====== Information given
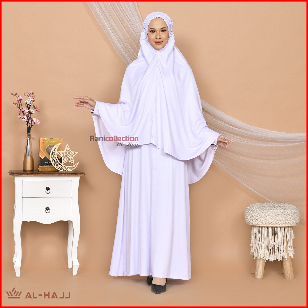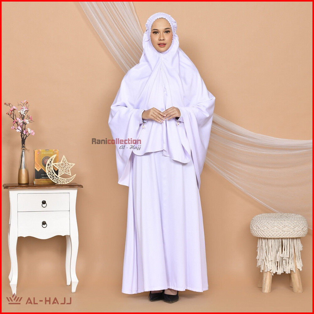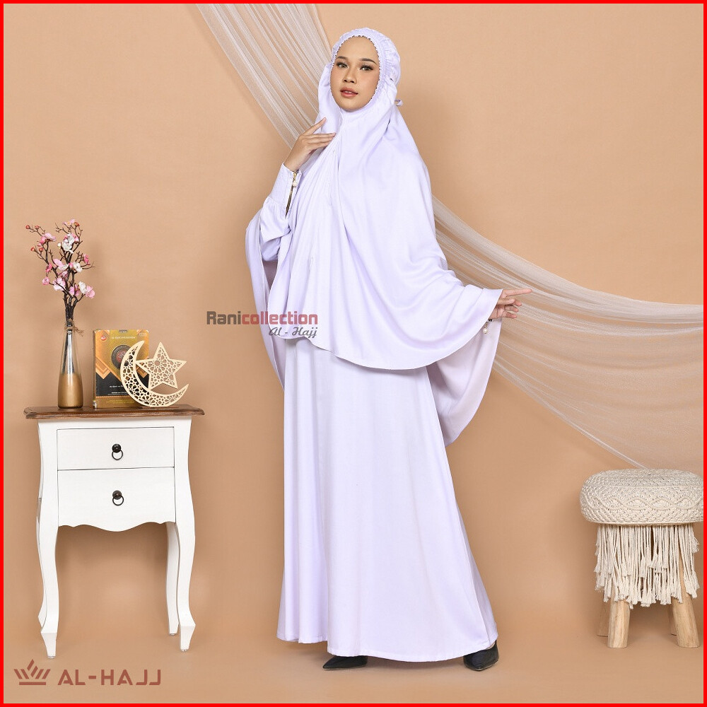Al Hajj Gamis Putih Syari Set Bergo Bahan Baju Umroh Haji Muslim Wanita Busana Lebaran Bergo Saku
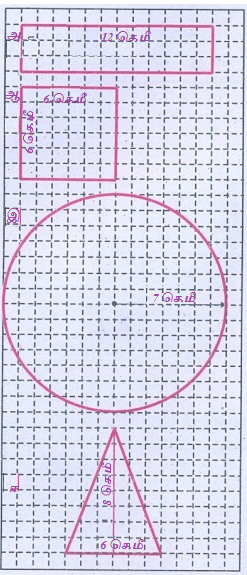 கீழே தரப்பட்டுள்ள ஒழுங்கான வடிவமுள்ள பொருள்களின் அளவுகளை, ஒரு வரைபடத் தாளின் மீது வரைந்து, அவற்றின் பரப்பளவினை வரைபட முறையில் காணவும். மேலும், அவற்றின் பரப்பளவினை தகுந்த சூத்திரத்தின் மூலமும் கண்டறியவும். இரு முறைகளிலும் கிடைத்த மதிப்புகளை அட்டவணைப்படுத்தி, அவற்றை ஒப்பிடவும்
============
====== Information given
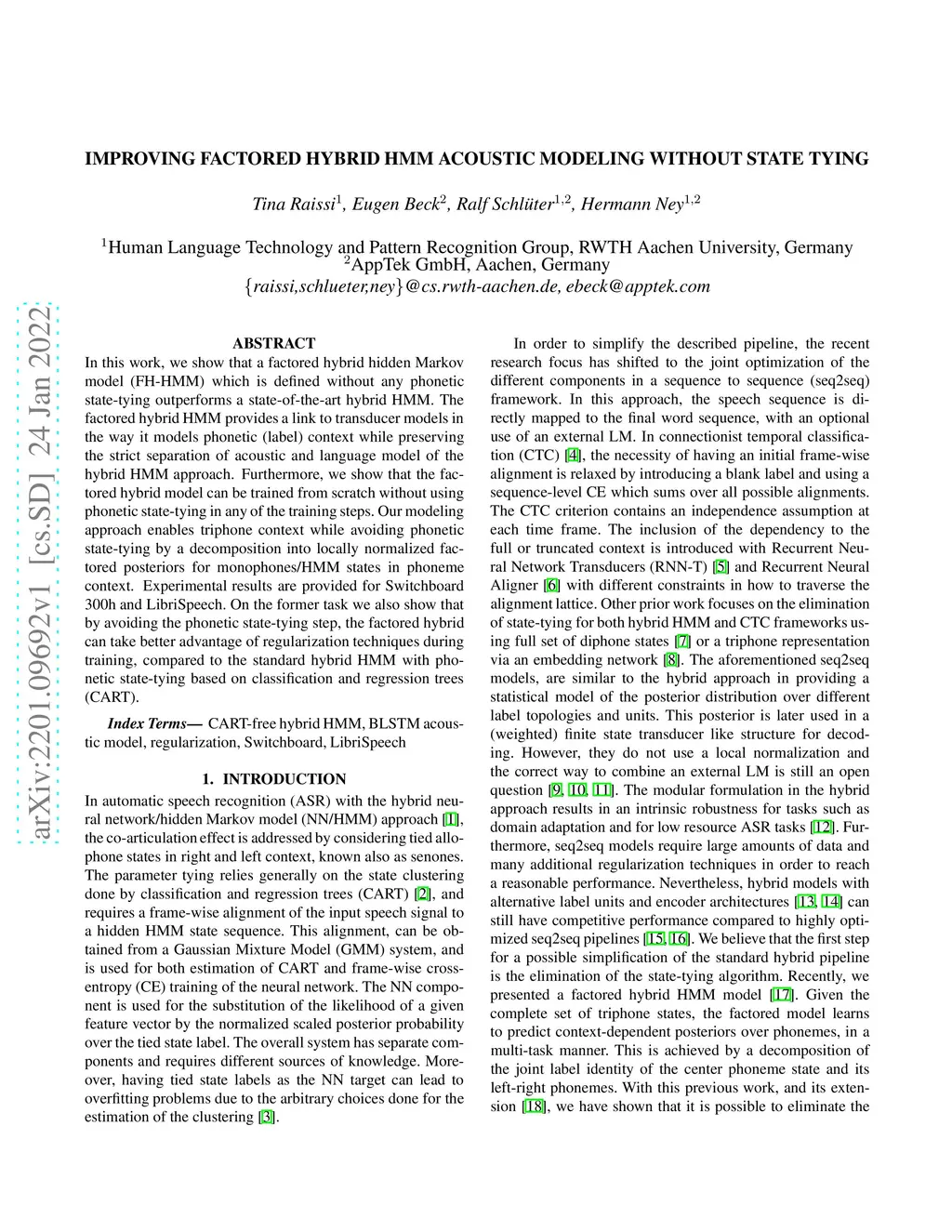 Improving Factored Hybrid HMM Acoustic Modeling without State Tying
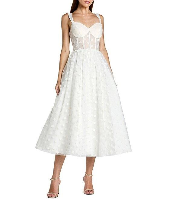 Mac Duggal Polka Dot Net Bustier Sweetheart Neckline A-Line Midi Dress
============
====== Information given
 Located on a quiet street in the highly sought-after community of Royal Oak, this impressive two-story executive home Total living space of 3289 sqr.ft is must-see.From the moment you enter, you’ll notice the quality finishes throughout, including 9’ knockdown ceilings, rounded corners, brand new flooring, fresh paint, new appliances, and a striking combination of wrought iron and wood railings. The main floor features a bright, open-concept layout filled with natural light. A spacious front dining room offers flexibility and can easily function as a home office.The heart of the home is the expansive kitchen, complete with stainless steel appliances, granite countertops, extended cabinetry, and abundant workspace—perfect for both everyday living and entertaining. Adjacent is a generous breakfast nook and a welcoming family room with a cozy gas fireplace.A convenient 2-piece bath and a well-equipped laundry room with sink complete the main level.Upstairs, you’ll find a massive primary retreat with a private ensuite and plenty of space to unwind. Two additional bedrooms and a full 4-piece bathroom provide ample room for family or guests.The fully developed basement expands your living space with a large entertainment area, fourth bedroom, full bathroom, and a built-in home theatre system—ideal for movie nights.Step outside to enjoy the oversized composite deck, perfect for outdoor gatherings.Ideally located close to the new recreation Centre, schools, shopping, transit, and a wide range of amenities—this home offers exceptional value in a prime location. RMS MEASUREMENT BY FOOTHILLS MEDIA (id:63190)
============
Exercise requirements ::
From the listing above, restate verbatim the lines running from the one with "Improving Factored Hybrid" through the one with "Mac Duggal Polka", inclusive, but not the pictures.

Result of this exercise ::
 Improving Factored Hybrid HMM Acoustic Modeling without State Tying
 Mac Duggal Polka Dot Net Bustier Sweetheart Neckline A-Line Midi Dress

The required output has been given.